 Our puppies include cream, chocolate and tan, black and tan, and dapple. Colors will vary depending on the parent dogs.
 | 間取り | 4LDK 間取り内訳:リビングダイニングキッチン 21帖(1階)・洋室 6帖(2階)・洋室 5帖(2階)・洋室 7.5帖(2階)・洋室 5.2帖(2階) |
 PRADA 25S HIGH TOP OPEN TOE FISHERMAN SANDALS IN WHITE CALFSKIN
•••
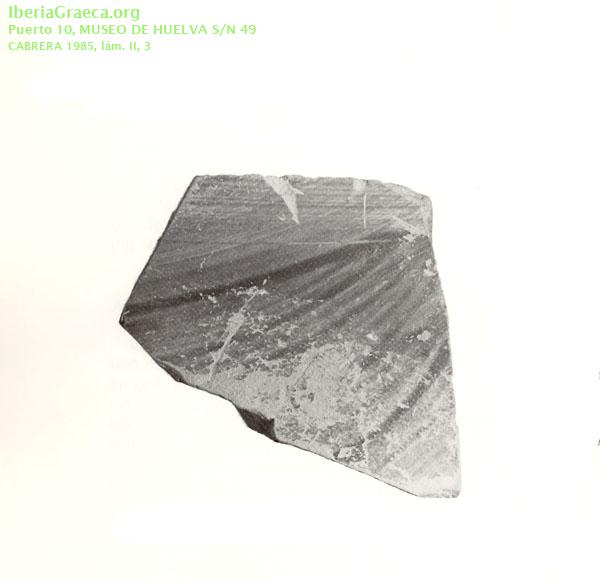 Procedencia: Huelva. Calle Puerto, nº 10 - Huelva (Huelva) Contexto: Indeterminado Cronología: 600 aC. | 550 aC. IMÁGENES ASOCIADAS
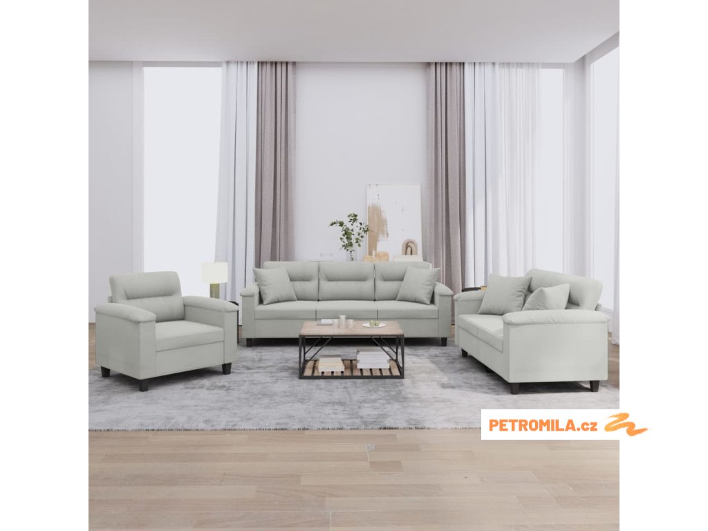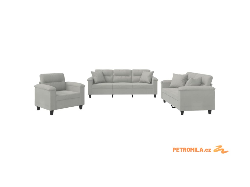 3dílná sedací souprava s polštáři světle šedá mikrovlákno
•••
Task objective
What you return must match the lines above from the one with "Procedencia: Huelva. Calle" through the one with "3dílná sedací souprava" exactly, with both ends included and the pictures excluded.

Task output
 Procedencia: Huelva. Calle Puerto, nº 10 - Huelva (Huelva) Contexto: Indeterminado Cronología: 600 aC. | 550 aC. IMÁGENES ASOCIADAS
 3dílná sedací souprava s polštáři světle šedá mikrovlákno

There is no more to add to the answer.